3.3 Equivalent to homologous transfer?

Even though GO-based methods can predict novel proteins based on the GO information obtained from their homologous proteins [213, 215], some researchers still argue that the prediction is equivalent to using the annotated localization of the homologs (i.e. using BLAST [5] with homologous transfer). They argue that GO-based methods are in fact equivalent to mining the annotations of homologous proteins retrieved by BLAST, whose subcellular localization information are well annotated or experimentally determined. Namely, they consider GO-based methods as have nothing to do with machine learning; instead they think these methods simply assign the subcellular localization information of the homologs to the target proteins.

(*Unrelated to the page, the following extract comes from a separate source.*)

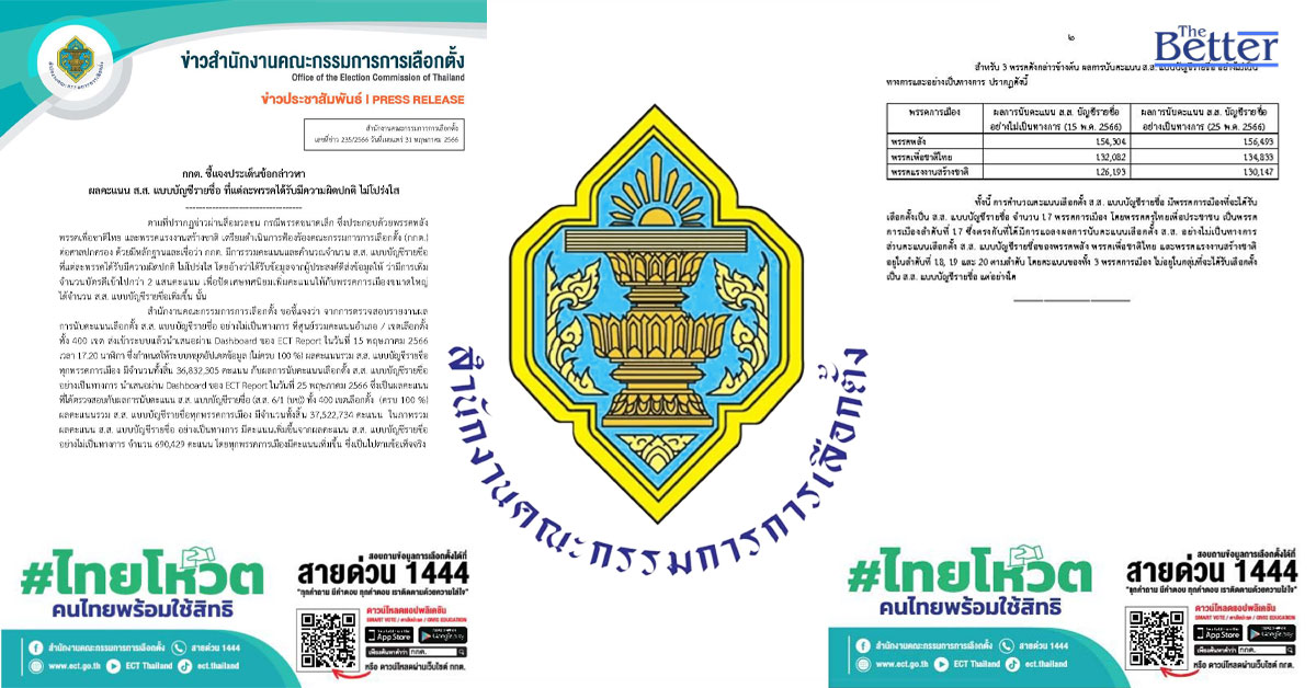 กกต. ขอชี้แจงว่า จากการตรวจสอบรายงานผลการนับคะแนนเลือกตั้ง ส.ส.แบบบัญชีรายชื่อ อย่างไม่เป็นทางการ ที่ศูนย์รวมคะแนนอำเภอ/เขตเลือกตั้งทั้ง 400 เขต ส่งเข้าระบบแล้วนำเสนอผ่าน Dashboard ของ ECT Report ในวันที่ 15 พ.ค.2566 เวลา 17.20 น. ซึ่งกำหนดให้ระบบหยุดอัปเดตข้อมูล (ไม่ครบ100%) ผลคะแนนรวม ส.ส.แบบบัญชีรายชื่อ ทุกพรรคการเมือง มีจำนวนทั้งสิ้น 36,832,305 คะแนน กับผลการนับคะแนนเลือกตั้ง ส.ส.แบบบัญชีรายชื่ออย่างเป็นทางการ นำเสนอผ่าน Dashboard ของ ECT Report ในวันที่ 25พ.ค. 2566 ซึ่งเป็นผลคะแนนที่ได้ตรวจสอบกับผลการนับคะแนน ส.ส.แบบบัญชีรายชื่อ (ส.ส.6/1(บช.))ทั้ง 400เขตเลือกตั้ง (ครบ 100%) ผลคะแนนรวมส.ส.แบบบัญชีรายชื่อทุกพรรคการเมืองมีจำนวนทั้งสิ้น 37,522,734 คะแนน ในภาพรวมผลคะแนนส.ส.แบบบัญชีรายชื่ออย่างเป็นทางการ มีคะแนนเพิ่มขึ้น จากผลคะแนน ส.ส.แบบบัญชีรายชื่ออย่างไม่เป็นทางการ จำนวน 690,429 คะแนน โดยทุกพรรคการเมืองมีคะแนนเพิ่มขึ้น ซึ่งเป็นไปตามข้อเท็จจริง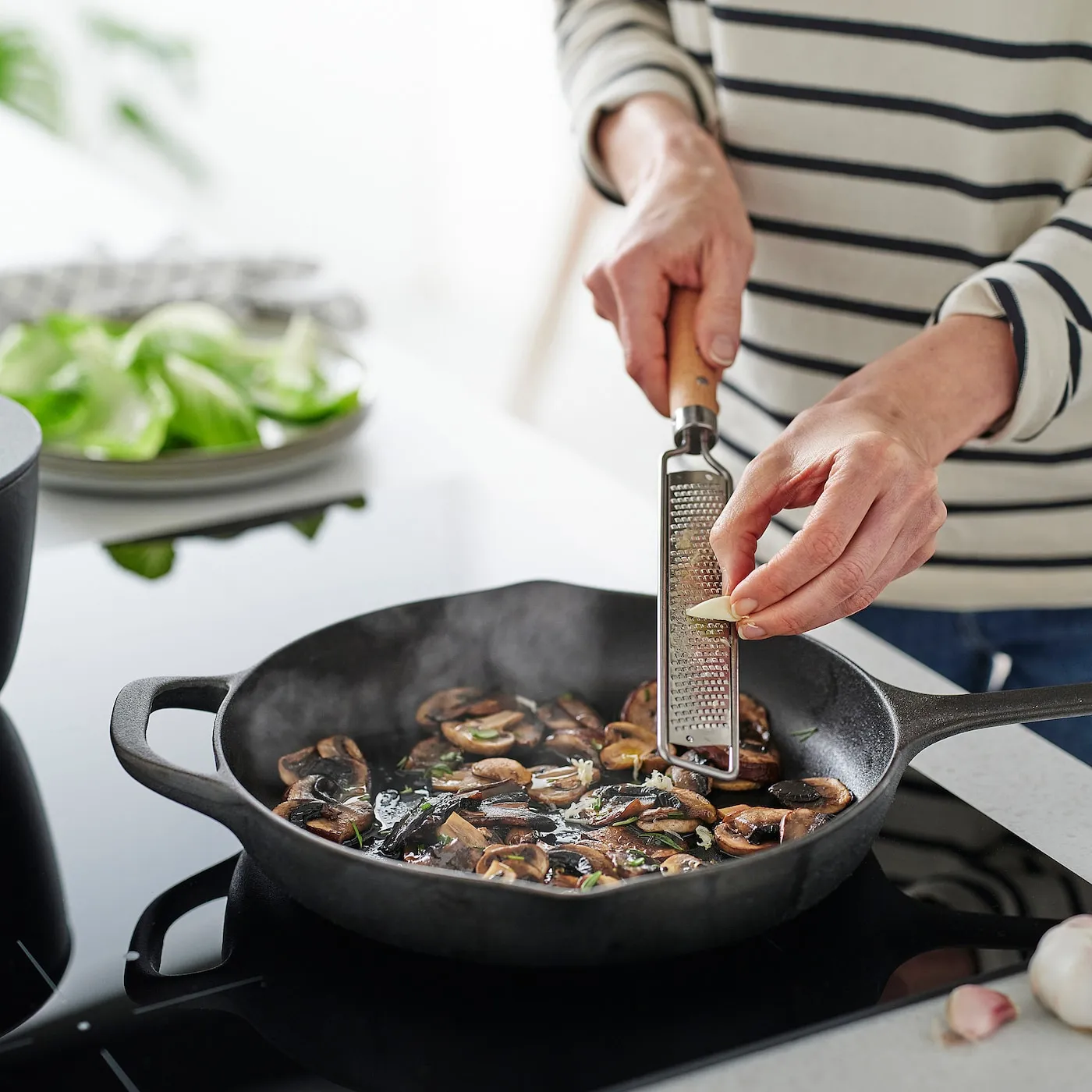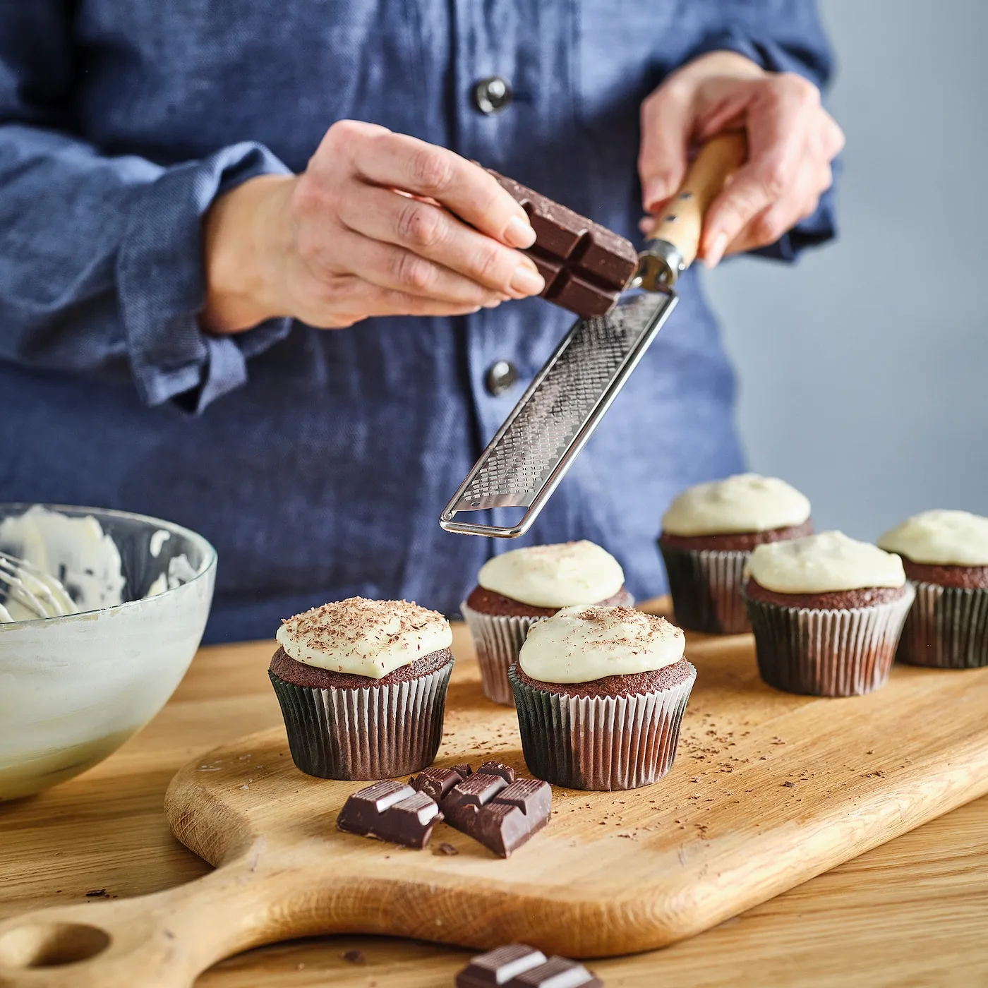 У этого цестера прочная деревянная ручка, которая облегчает натирание цедры с цитрусовых или добавление пармезана в пасту. После приготовления пищи можно повесить цестер за отверстие в ручке.

This claim is clearly proved to be untenable in Table 9.4 of Chapter 9, which demonstrates that GO-based methods remarkably outperform methods that only use BLAST and homologous transfer. More details of the procedures can be found in Section 9.1.4 of Chapter 9. In addtion, Briesemeister et al. [24] also suggested that using BLAST alone is not sufficient for reliable prediction.

3.4 More reasons for using GO information

As suggested by Chou [38], as long as the input of query proteins for predictors is the sequence information without any GO annotation information and the output is the subcellular localization information, there is no difference between non-GO-based methods and GO-based methods, which should be regarded as equally legitimate for subcellular localization.

Some other papers [48, 222] also provide strong arguments supporting the legitimacy of using GO information for subcellular localization. In particular, as suggested by [48], the good performance of GO-based methods is due to the fact that the feature vectors in the GO space can better reflect their subcellular locations than those in the Euclidean space or any other simple geometric space.